You start out with a prior distribution for $X_1$. The first step is just to update on the evidence $E_1$ using Bayes' theorem: $$P(X_1=x_1 | E_1=e_1) \propto P(E_1=e_1 | X_1=x_1) P(X_1=x_1)$$

Note, that the prior distribution for $X_1$, the emission probabilities, and the transition probabilities are all given by and constant throughout the problem, so we've really just used all these known variables to compute the distribution of $X_1$ given $E_1=e_1$.

Imagine, now, that we wanted to compute $P(X_2=x_2 | E_1=e_1,E_2=e_2)$. By Bayes' theorem, we can compute this, but let's ignore the denominator, because we can simply normalize it later: $$P(X_2=x_2 | E_1=e_1,E_2=e_2) \propto P(E_1=e_1,E_2=e_2 | X_2=x_2) P(X_2=x_2)$$

Forward Algorithm

Using this information, we can update in a Bayesian and "dynamic" way as we move.

While we'll present the pseudocode soon, here's the jist:

Compute the distribution of $X_1$ by using the prior and the evidence $E_1$: $$P(X_1=x_1 | E_1=e_1) \propto P(E_1=e_1 | X_1=x_1) * P(X_1=x_1)$$
For each $i \in [2, t]$, dynamically update the distribution for $X_i$. In particular, take our distribution for $X_{i-1}$ and
1. multiply this distribution (vector) by our transition matrix, to compute the distribution for $X_i$.
2. multiply this distribution (vector) component-wise the probability of observing $E_i$ given that state

foo(prior, transition, emit, evidence) {
  // compute the distribution of X_1
  dist = {}
  for (state in prior) {
    dist[state] = prior[state] * emit[evidence[0], state]
  }
  dist = normalize(dist);
  
  // dynamically compute later distributions
  for (t = 1; t < evidence.length; ++t) {
    new_dist = {}
    for (old_state in prior) {
      new_dist[state] = 0;
      for (new_state in prior) {
        new_dist[state] += dist[old_state] * transition[new_state, old_state];
      }
      new_dist[new_state] *= emit[evidence[t], new_state];
    }
    dist = normalize(new_dist);
  }
  return dist;
}

normalize(dist) {
  float sum = 0;
  for (state in dist)
    sum += dist[state];
  for (state in dist)
    dist[state] /= sum;
  return dist;
}

Particle Filtering

As implemented above, this forward algorithm runs in $O(S^2 \cdot T)$ time, where $S$ is the number of states and $T$ is the number of time-steps. However, if each state only has a small number of neighboring states, than a bit of cleverness can reduce this to $O(S \cdot T)$.

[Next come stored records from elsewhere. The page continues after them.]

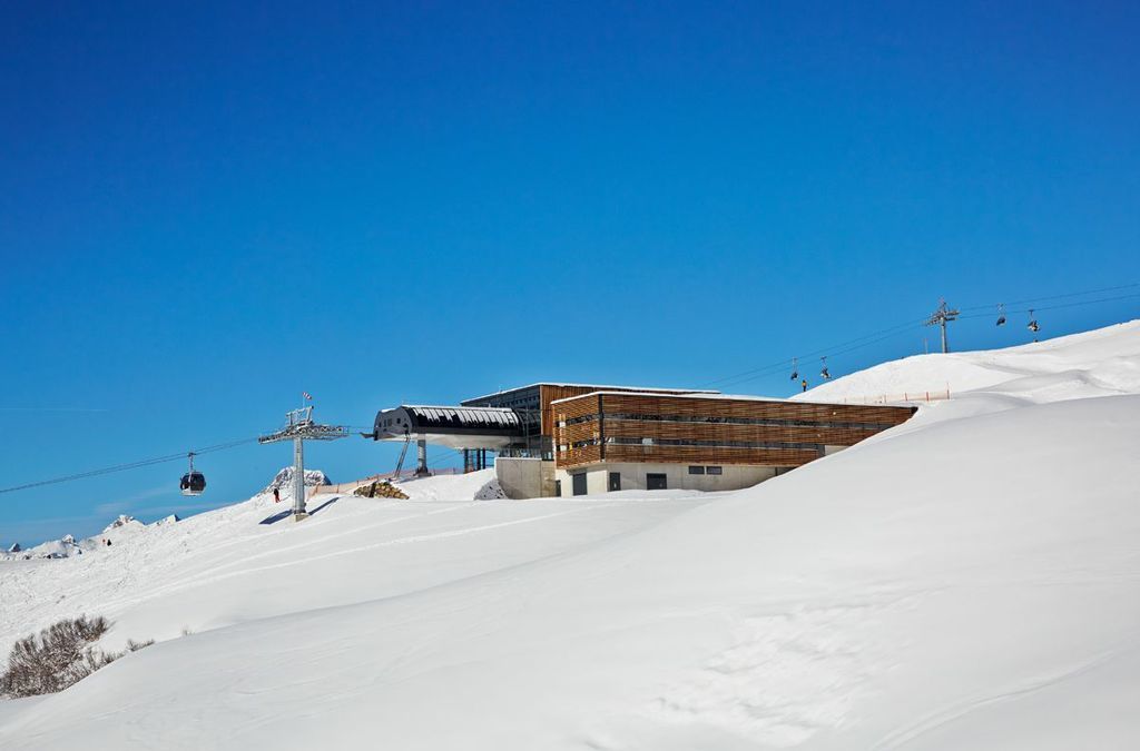 Die Bergstation in Oberlech - ebenfalls auf der bestehenden Bahnachse der Weibermahdbahn - unterscheidet sich von der „Hallen“-Typologie der beiden anderen Stationen und wurde im Volumen niedriger gehalten. Das Hauptdach der Seilbahn wird von zwei flach geneigten Dächern als Bahnsteigüberdachungen begleitet. Bergseitig wird die Kubatur durch ein Obergeschoss erweitert. In diesem Info- und Ausstellungsraum für die Skilifte Lech eröffnet sich den Gästen durch das durchlaufende Fensterband das weite Landschaftspanorama.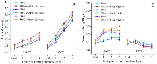 As expected, the AV increased proportionally as temperature increased, until it reached 3.30 mg/g (Figure 2A). With the extension of frying duration, the POV increased slowly and then decreased. Interestingly, the POV reached its peak value (0.23 g/100 g) on the first day and then decreased to 0.19 g/100 g (Figure 2B). In addition, there was no significant difference (p > 0.05) between frying chicken and control (without chicken).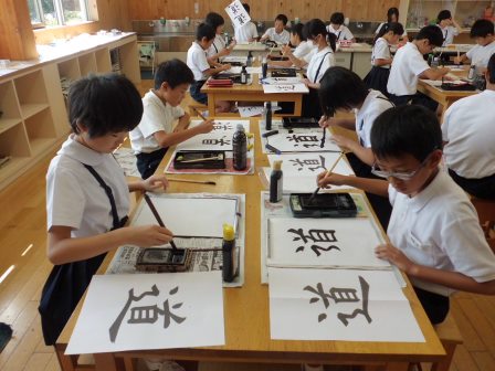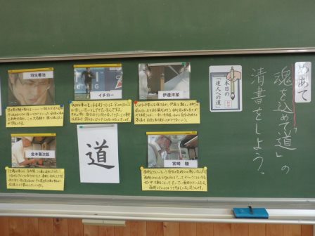 先週まで、文字の組み立て方や穂先の動き、しんにょうのバランスや最後の右はらいなどについて練習し、形よく書くコツをつかみました。そして、今回は清書の時間。いつものようにコツを再確認し、清書、ふり返りをして終了でもよいのですが、この「道」という字は、これからの自分の生き方や未来を考えるポイントになる字でもあると考え、より気持ちを込めて清書に臨むことができるよう工夫しました。それは、様々な分野で活躍するプロの生き方を写真と語録で紹介するものです。NHKで放送されている「プロフェッショナル」から、イチロー選手、宮崎駿監督、羽生善治名人などの生き方を紹介しながら、日々のたゆまぬ努力の大切さや、夢を持って生きることのすばらしさを感じながら、この「道」という字の清書に取り組みました。いつも真剣に取り組む6年生ですが、今回はめあてにした「魂込めて書く」を実行できたように思います。

To improve this running time, we have to drop Bayesian-optimal belief updating. Basically, we choose a subset of states called particles and

update the probability each particle is correct when we are given evidence
change each particle's state based on transition probabilities

While the psudocode is a little lengthy, here's the idea:

Create $n$ particles. Each particle is just a state-float pair. At the beginning - we randomly select states according to our prior to create each particle, and we set its value to 1.
For each time-step

Change each particle's state randomly - according to the transition probabilities
Update each particle's value by multiplying it by the likelihood it is true given the new evidence.
Sample $n$ particles from this list with replacement. However, make this a weighted random choosing, so that particles with higher values are more likely to be chosen. This new set of particles is used in the next iteration, and each particle has value 1 again.

Viterbi Algorithm

So, far we have focused on finding the most likely state you are currently in. However, what if you want to find the most likely sequence of states you were in over time? This might be useful for, say, speech-to-text models. More formally, we're computing $$argmax_{x_1,\dots,x_t}{P(X_1=x_1,\dots,X_t=x_t | E_1=e_1,\dots,E_t=e_t)}$$

It turns out we can do this in a dynamically

function viterbi(priors, transition, emissions, evidence) {
  /* probs[s] will be the probability of
  the most likely path that ends in state s */
  Map probs[evidence.length];
  Map froms[evidence.length];

  // initalize probs to priors and mlu
  for (s in states) {
    probs[0][s] = prior[s] * emission[s, evidence[0]];
    froms[0][s] = null;
  }

  // dynamicaly update probs and froms
  for (var i = 1; i < evidence.length; ++i) {
    for (state_to in states) {
      max_p = 0;
      max_from = null;
      for (s in states) {
        p = probs[i-1][s] * emission[s, evidence[1]] * transition[s, state_to];
        if (p > max_p) {
          max_p = p;
          max_from = s;
        }
      }
      probs[i][state_to] = max_p;
      froms[i][max_from] = max_from;
    }
  }

  // find path's endpoint
  max_p = -100;
  endpoint = null;
  for (s in states) {
    if (probs.end()[s] > max_p) {
      max_p = probs.end()[s];
      endpoint = s;
    }
  }

  path = [endpoint];
  for (var i = froms.length - 1; i > 0; --i) path.append(froms[i][path.first()]);
  path.reverse();
  return path;
}